Try it: Write every entry out again with no changes, and leave the images behind.

Task input:
#####
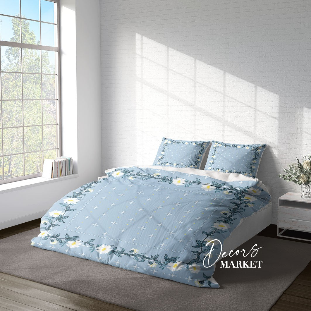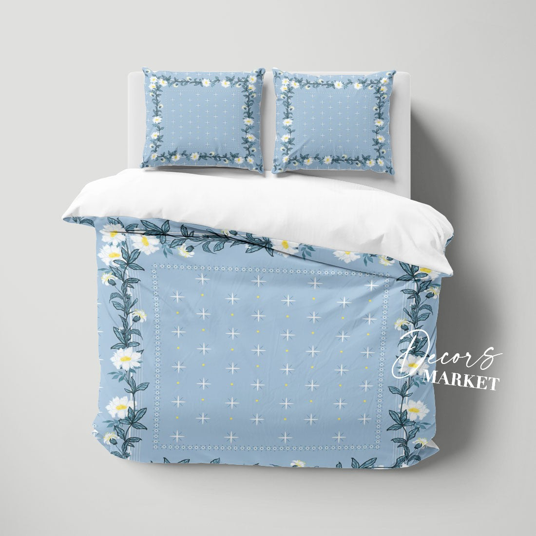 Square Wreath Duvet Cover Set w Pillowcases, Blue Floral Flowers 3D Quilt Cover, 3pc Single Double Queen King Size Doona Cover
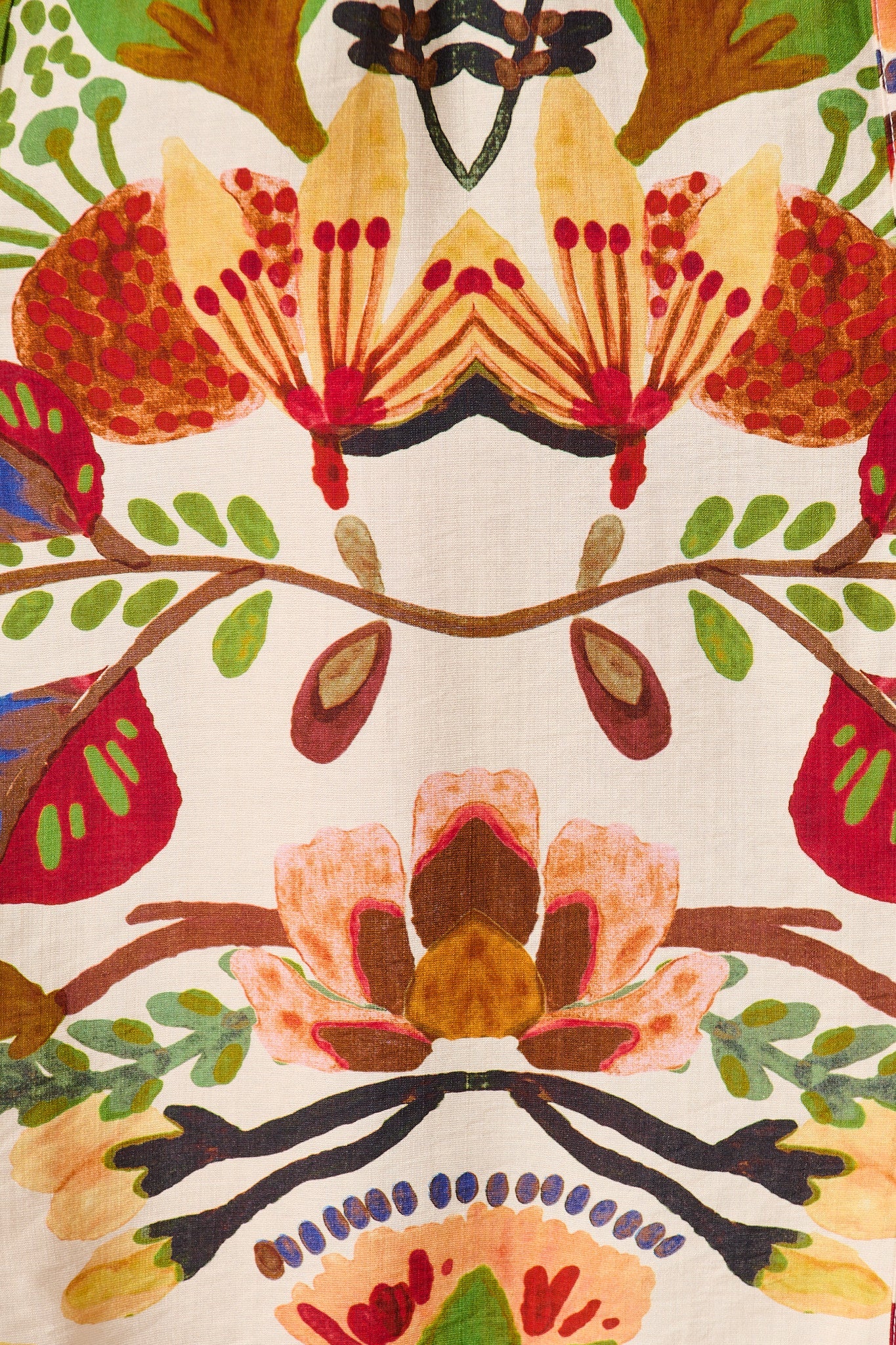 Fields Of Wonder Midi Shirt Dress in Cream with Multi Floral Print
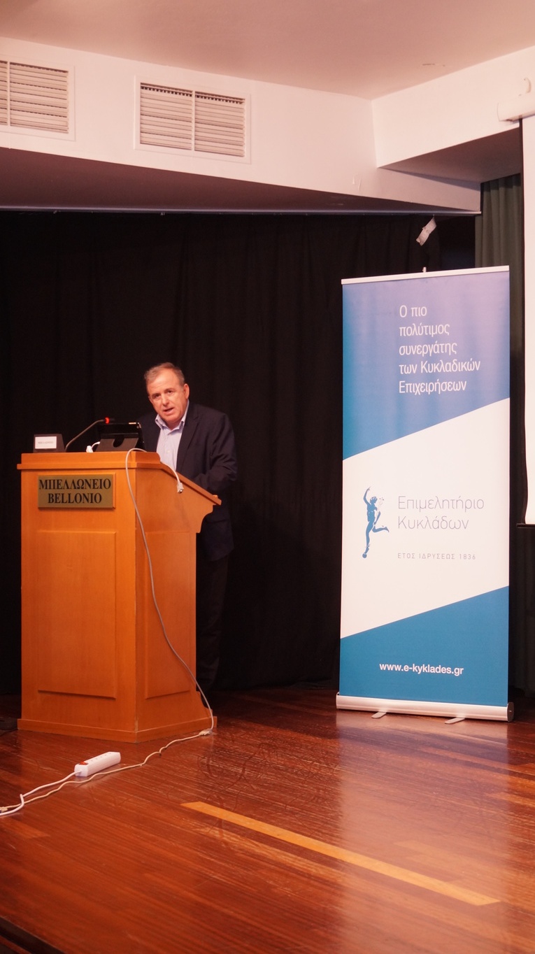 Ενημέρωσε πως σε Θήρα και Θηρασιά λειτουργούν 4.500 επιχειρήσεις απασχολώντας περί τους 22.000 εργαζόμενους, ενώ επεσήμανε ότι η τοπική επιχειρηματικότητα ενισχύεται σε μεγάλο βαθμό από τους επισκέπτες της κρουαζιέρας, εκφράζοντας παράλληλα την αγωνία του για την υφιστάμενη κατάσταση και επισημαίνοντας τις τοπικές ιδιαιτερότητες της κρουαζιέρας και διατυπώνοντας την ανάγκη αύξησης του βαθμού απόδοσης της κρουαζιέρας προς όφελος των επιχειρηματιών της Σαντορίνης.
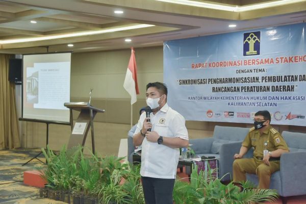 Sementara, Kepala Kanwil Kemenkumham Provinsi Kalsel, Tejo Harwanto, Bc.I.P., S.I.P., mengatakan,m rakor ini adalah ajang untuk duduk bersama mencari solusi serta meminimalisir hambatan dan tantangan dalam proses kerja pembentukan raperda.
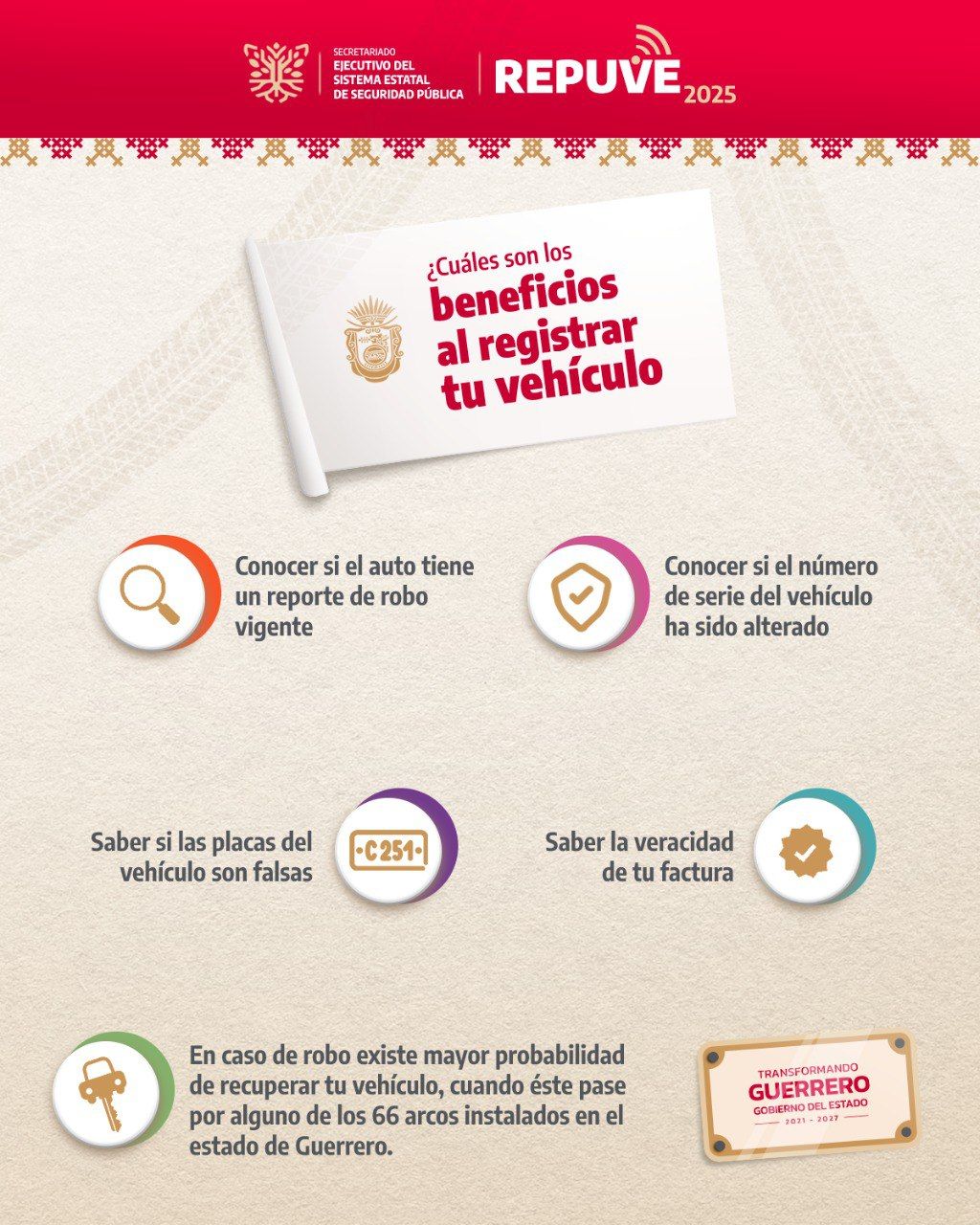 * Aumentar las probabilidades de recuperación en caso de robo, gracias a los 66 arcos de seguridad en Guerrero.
#####
Completed task:
 Square Wreath Duvet Cover Set w Pillowcases, Blue Floral Flowers 3D Quilt Cover, 3pc Single Double Queen King Size Doona Cover
 Fields Of Wonder Midi Shirt Dress in Cream with Multi Floral Print
 Ενημέρωσε πως σε Θήρα και Θηρασιά λειτουργούν 4.500 επιχειρήσεις απασχολώντας περί τους 22.000 εργαζόμενους, ενώ επεσήμανε ότι η τοπική επιχειρηματικότητα ενισχύεται σε μεγάλο βαθμό από τους επισκέπτες της κρουαζιέρας, εκφράζοντας παράλληλα την αγωνία του για την υφιστάμενη κατάσταση και επισημαίνοντας τις τοπικές ιδιαιτερότητες της κρουαζιέρας και διατυπώνοντας την ανάγκη αύξησης του βαθμού απόδοσης της κρουαζιέρας προς όφελος των επιχειρηματιών της Σαντορίνης.
 Sementara, Kepala Kanwil Kemenkumham Provinsi Kalsel, Tejo Harwanto, Bc.I.P., S.I.P., mengatakan,m rakor ini adalah ajang untuk duduk bersama mencari solusi serta meminimalisir hambatan dan tantangan dalam proses kerja pembentukan raperda.
 * Aumentar las probabilidades de recuperación en caso de robo, gracias a los 66 arcos de seguridad en Guerrero.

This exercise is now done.